▸ Supplied data:
####################

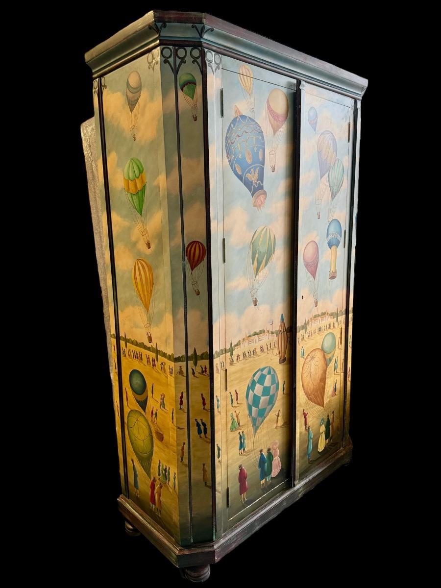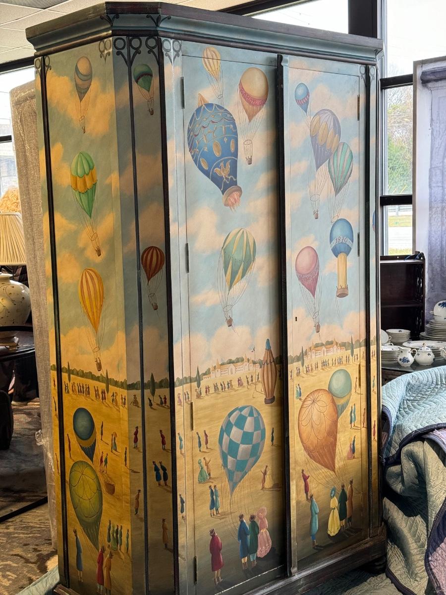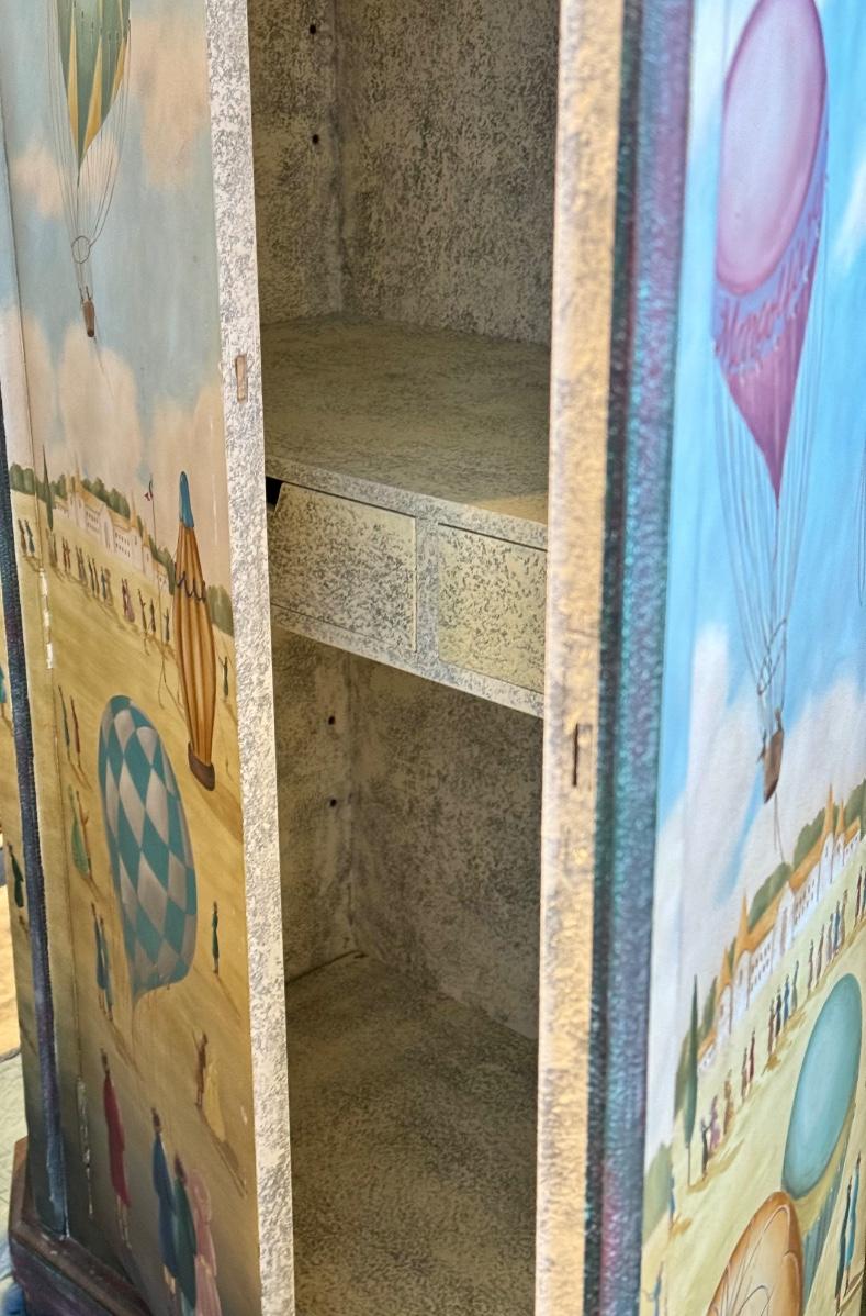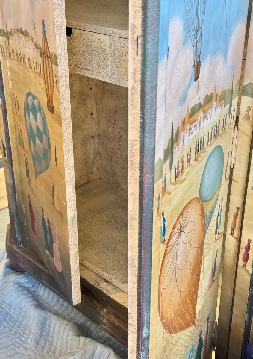 Fun /Playful French Ballooning Scene | Polychrome Decorated Armoire
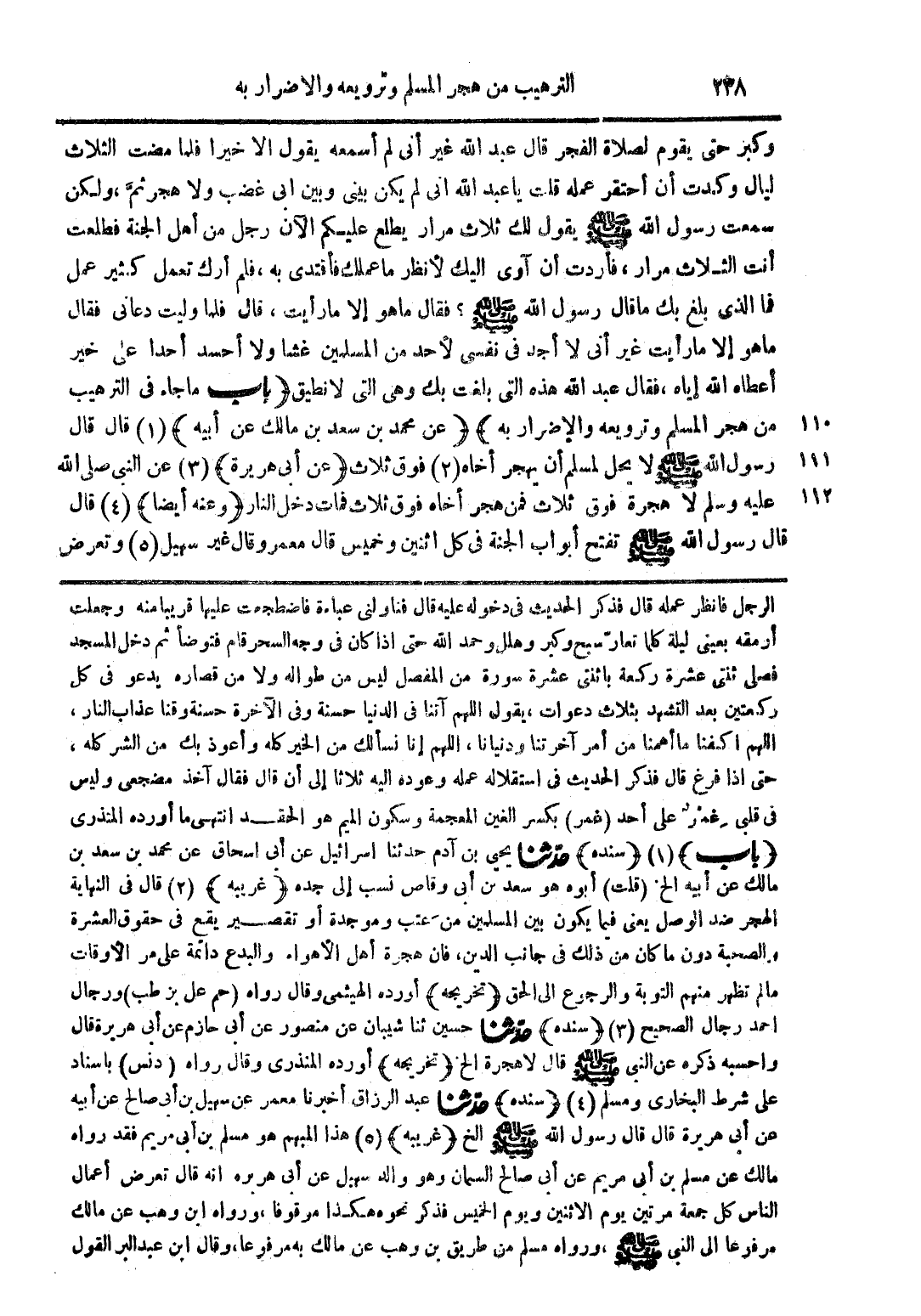 الرجل فانظر عمله قال فذكر الحديث في دخوله عليه قال فناولني عباءة فاضطجعت عليها قريبا منه وجعلت ارمقه بعيني ليلة كلما تعار سبح وكبر وهلل وحمد الله حتى اذا كان في وجه السحر قام فتوضأ ثم دخل المسجد فصلى ثنتي عشرة ركعة باثنتي عشرة سورة من المفصل ليس من طواله ولا من قصاره يدعو في كل ركعتين بعد التشهد بثلاث دعوات يقول اللهم آتنا في الدنيا حسنة وفي الآخرة حسنة وقنا عذاب النار اللهم اكفنا ما أهمنا من أمر آخرتنا ودنيانا اللهم إنا نسألك من الخير كله وأعوذ بك من الشر كله حتى اذا فرغ قال فذكر الحديث في استقلاله عمله وعوده اليه ثلاثا إلى ان قال فقال آخذ مضجعي وليس فيقلبي غمر على أحد (غمر) بكسر الغين المعجمة وسكون الميم هو الحقد انتهى ما اورده المنذري (باب) (1) (سنده) حدثنا يحيى بن آدم حدثنا اسرائيل عن أبي اسحاق عن محمد بن سعد بن مالك عن أبيه الخ (قلت) أوبوه هو سعد بن أبي وقاص نسب غلى جده (غريبه) (2) قال في النهاية الهجر ضد الوصل يعني فيما يكون بين المسلمين من عتب وموجدة أو تقصير يقع في حقوق العشرة والصحبة دون ما كان من ذلك في جانب الدين فإن هجرة أهل الأهواء والبدع دائمة على مر الأوقات ما لم تظهر منهم التوبة والرجوع الى الحق (تخريجه) أورده الهيثمي وقال رواه (حم عل بز طب) ورجال احمد رجال الصحيح (3) (سنده) حدثنا حسين ثنا شيبان عن منصور عن أبي حازم عن أبي هريرة قال واحسبه ذكر عن النبي صلى الله عليه وسلم قال لا هجرة الخ (تخريجه) أورده المنذري وقال رواه (د نس) باسناد على شرط البخاري ومسلم (4) (سنده) حدثنا عبد الرزاق اخبرنا معمر عن سهيل بن ابي صالح عن أبيه عن أبي هريرة قال قال رسول الله صلى الله عليه وسلم الخ (غريبه) (5) هذا المبهم هو مسلم بن أبي مريم فقد رواه مالك عن مسلم بن أبي مريم عن ابي صالح السمان وهو والد سهيل عن أبي هريرة انه قال تعرض أعمال الناس كل جمعة مرتين يوم الاثنين ويوم الخميس فذكر نحوه هكذا موقوفا ورواه ابن وهب عن مالك مرفوعا الى النبي صلى الله عليه وسلم ورواه مسلم من طريق بن وهب عن مالك به مرفوعا وقال ابن عبد البر القول
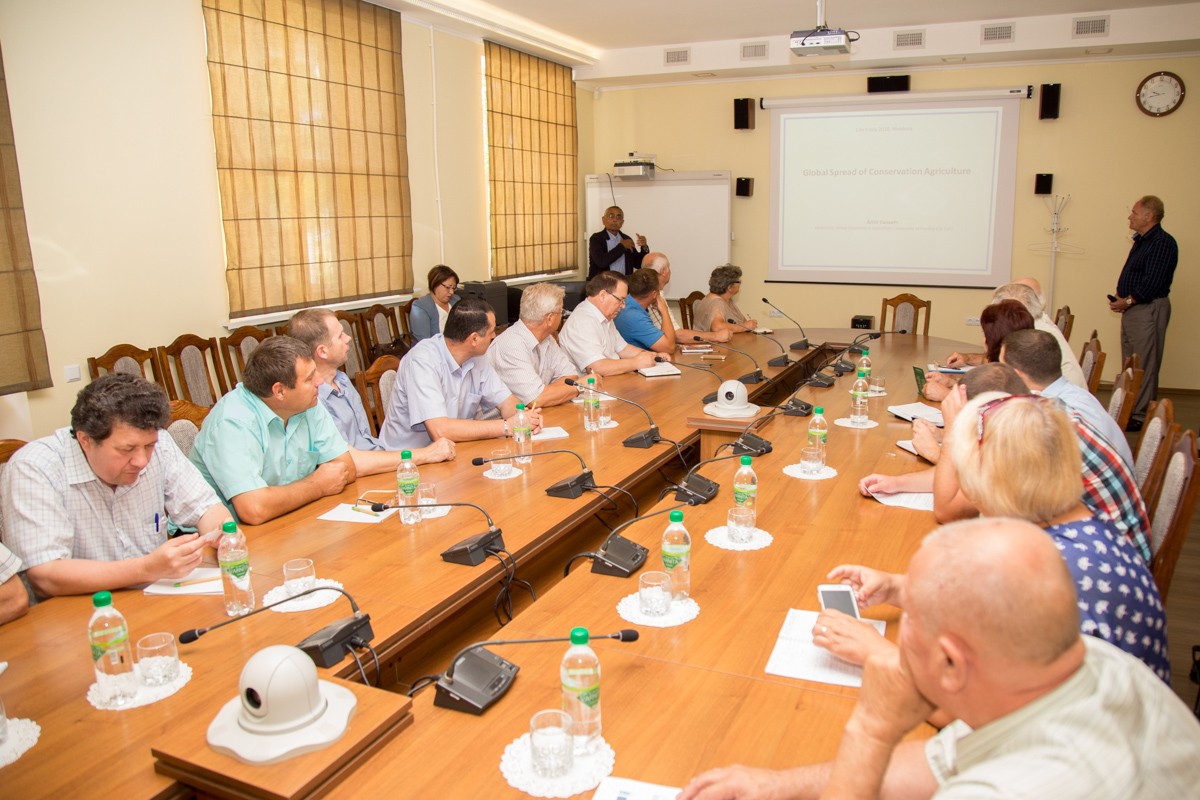 Тирасполь, 4 июля. /Новости Приднестровья/. В Приднестровском госуниверситете прошла встреча с английскими гостями – представителями ассоциации консервативного (органического) земледелия Великобритании, профессором Амиром Кассамом и фермером Тони Рэйнолдом. Встреча стала продолжением вчерашнего разговора, только его участниками были не фермеры и сотрудники Минсельхозприроды, а представители научного сообщества республики. Это сотрудники ПНИИ с/х, профильных кафедр ПГУ, НИИ экологии и природных ресурсов. Тема та же – консервативное земледелие. Разговор о нём в Приднестровье ведут уже давно, ему посвящали ряд практикумов и семинаров. Причина проста – обеднение почвы, её эрозия, снижение урожайности (при возрастающих вложениях в обработку земли), засухи и другие факторы вынуждают фермеров думать о том, как вернуть земле былое плодородие.
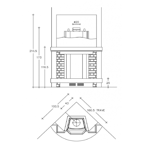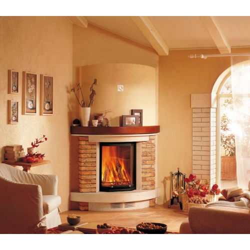 Полукруглая форма данной модели идеально украсит любой угол в комнате. Бока камина выложены из кирпичиков, которые изготовлены из мрамора. Декоративная балка вокруг камина служит небольшой полочкой. Для доступа воздуха предусмотрены отверстия в нижней части камина. В верхней части камина находятся отверстия для теплого воздуха, который можно регулировать при помощи переключателя.
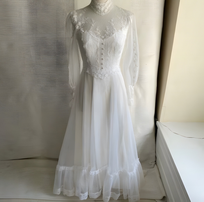 Most thrift stores have racks upon racks of old clothes for sale. And while many of these clothes are regular people’s cast-offs, sometimes there’s a rose amongst the thorns – and it’s safe to say that this dress is definitely a rose. The person who spotted this was instantly captivated by the vintage 70s boho prairie lace dress, and knew they had to buy it even though it wouldn’t fit anyone in their household.
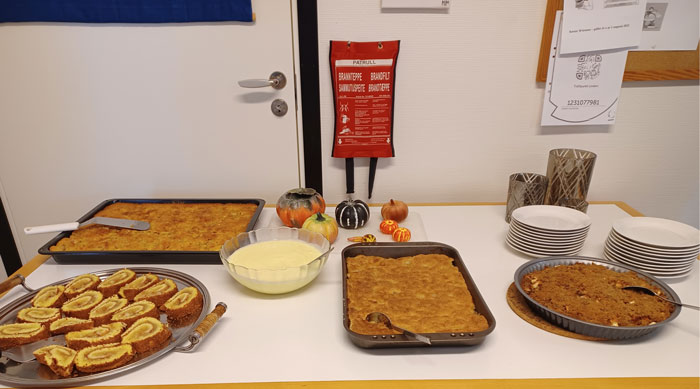 Tre från Arbetsgruppen ställde upp med bakning av olika sorters äppelkakor, det var Monica, Solveig och Jeanette, hon gjorde två olika, så man hade fyra sorter att välja mellan. Till dessa godsaker kunde den som ville ta vaniljsås till.
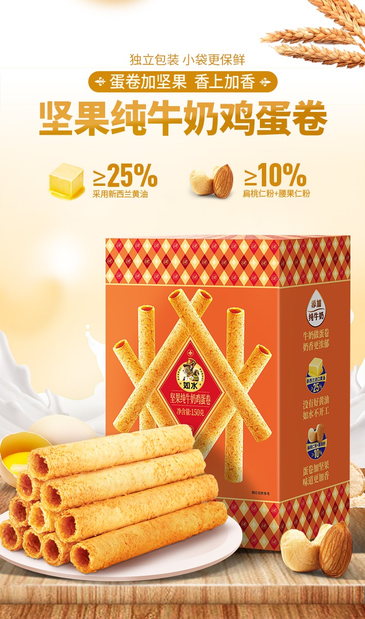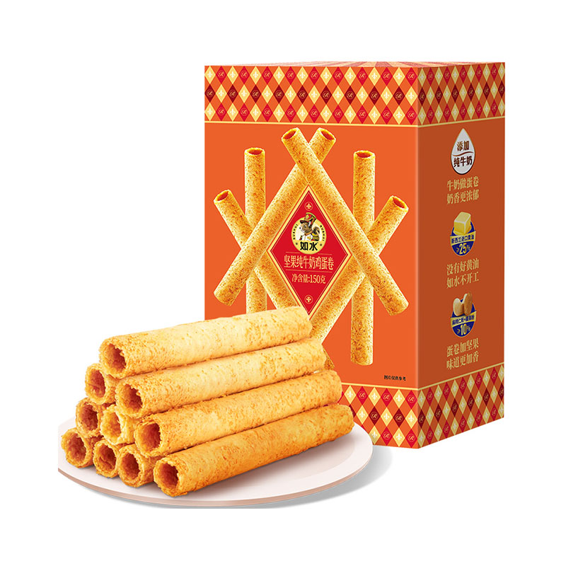 (超运·禾贸)如水坚果纯牛奶鸡蛋卷150g 曲奇早餐代餐儿童老年人休闲零食

####################

▸ The problem: Transcribe the whole of the data exactly, minus any pictures.

▸ Solution:
 Fun /Playful French Ballooning Scene | Polychrome Decorated Armoire
 الرجل فانظر عمله قال فذكر الحديث في دخوله عليه قال فناولني عباءة فاضطجعت عليها قريبا منه وجعلت ارمقه بعيني ليلة كلما تعار سبح وكبر وهلل وحمد الله حتى اذا كان في وجه السحر قام فتوضأ ثم دخل المسجد فصلى ثنتي عشرة ركعة باثنتي عشرة سورة من المفصل ليس من طواله ولا من قصاره يدعو في كل ركعتين بعد التشهد بثلاث دعوات يقول اللهم آتنا في الدنيا حسنة وفي الآخرة حسنة وقنا عذاب النار اللهم اكفنا ما أهمنا من أمر آخرتنا ودنيانا اللهم إنا نسألك من الخير كله وأعوذ بك من الشر كله حتى اذا فرغ قال فذكر الحديث في استقلاله عمله وعوده اليه ثلاثا إلى ان قال فقال آخذ مضجعي وليس فيقلبي غمر على أحد (غمر) بكسر الغين المعجمة وسكون الميم هو الحقد انتهى ما اورده المنذري (باب) (1) (سنده) حدثنا يحيى بن آدم حدثنا اسرائيل عن أبي اسحاق عن محمد بن سعد بن مالك عن أبيه الخ (قلت) أوبوه هو سعد بن أبي وقاص نسب غلى جده (غريبه) (2) قال في النهاية الهجر ضد الوصل يعني فيما يكون بين المسلمين من عتب وموجدة أو تقصير يقع في حقوق العشرة والصحبة دون ما كان من ذلك في جانب الدين فإن هجرة أهل الأهواء والبدع دائمة على مر الأوقات ما لم تظهر منهم التوبة والرجوع الى الحق (تخريجه) أورده الهيثمي وقال رواه (حم عل بز طب) ورجال احمد رجال الصحيح (3) (سنده) حدثنا حسين ثنا شيبان عن منصور عن أبي حازم عن أبي هريرة قال واحسبه ذكر عن النبي صلى الله عليه وسلم قال لا هجرة الخ (تخريجه) أورده المنذري وقال رواه (د نس) باسناد على شرط البخاري ومسلم (4) (سنده) حدثنا عبد الرزاق اخبرنا معمر عن سهيل بن ابي صالح عن أبيه عن أبي هريرة قال قال رسول الله صلى الله عليه وسلم الخ (غريبه) (5) هذا المبهم هو مسلم بن أبي مريم فقد رواه مالك عن مسلم بن أبي مريم عن ابي صالح السمان وهو والد سهيل عن أبي هريرة انه قال تعرض أعمال الناس كل جمعة مرتين يوم الاثنين ويوم الخميس فذكر نحوه هكذا موقوفا ورواه ابن وهب عن مالك مرفوعا الى النبي صلى الله عليه وسلم ورواه مسلم من طريق بن وهب عن مالك به مرفوعا وقال ابن عبد البر القول
 Тирасполь, 4 июля. /Новости Приднестровья/. В Приднестровском госуниверситете прошла встреча с английскими гостями – представителями ассоциации консервативного (органического) земледелия Великобритании, профессором Амиром Кассамом и фермером Тони Рэйнолдом. Встреча стала продолжением вчерашнего разговора, только его участниками были не фермеры и сотрудники Минсельхозприроды, а представители научного сообщества республики. Это сотрудники ПНИИ с/х, профильных кафедр ПГУ, НИИ экологии и природных ресурсов. Тема та же – консервативное земледелие. Разговор о нём в Приднестровье ведут уже давно, ему посвящали ряд практикумов и семинаров. Причина проста – обеднение почвы, её эрозия, снижение урожайности (при возрастающих вложениях в обработку земли), засухи и другие факторы вынуждают фермеров думать о том, как вернуть земле былое плодородие.
 Полукруглая форма данной модели идеально украсит любой угол в комнате. Бока камина выложены из кирпичиков, которые изготовлены из мрамора. Декоративная балка вокруг камина служит небольшой полочкой. Для доступа воздуха предусмотрены отверстия в нижней части камина. В верхней части камина находятся отверстия для теплого воздуха, который можно регулировать при помощи переключателя.
 Most thrift stores have racks upon racks of old clothes for sale. And while many of these clothes are regular people’s cast-offs, sometimes there’s a rose amongst the thorns – and it’s safe to say that this dress is definitely a rose. The person who spotted this was instantly captivated by the vintage 70s boho prairie lace dress, and knew they had to buy it even though it wouldn’t fit anyone in their household.
 Tre från Arbetsgruppen ställde upp med bakning av olika sorters äppelkakor, det var Monica, Solveig och Jeanette, hon gjorde två olika, så man hade fyra sorter att välja mellan. Till dessa godsaker kunde den som ville ta vaniljsås till.
 (超运·禾贸)如水坚果纯牛奶鸡蛋卷150g 曲奇早餐代餐儿童老年人休闲零食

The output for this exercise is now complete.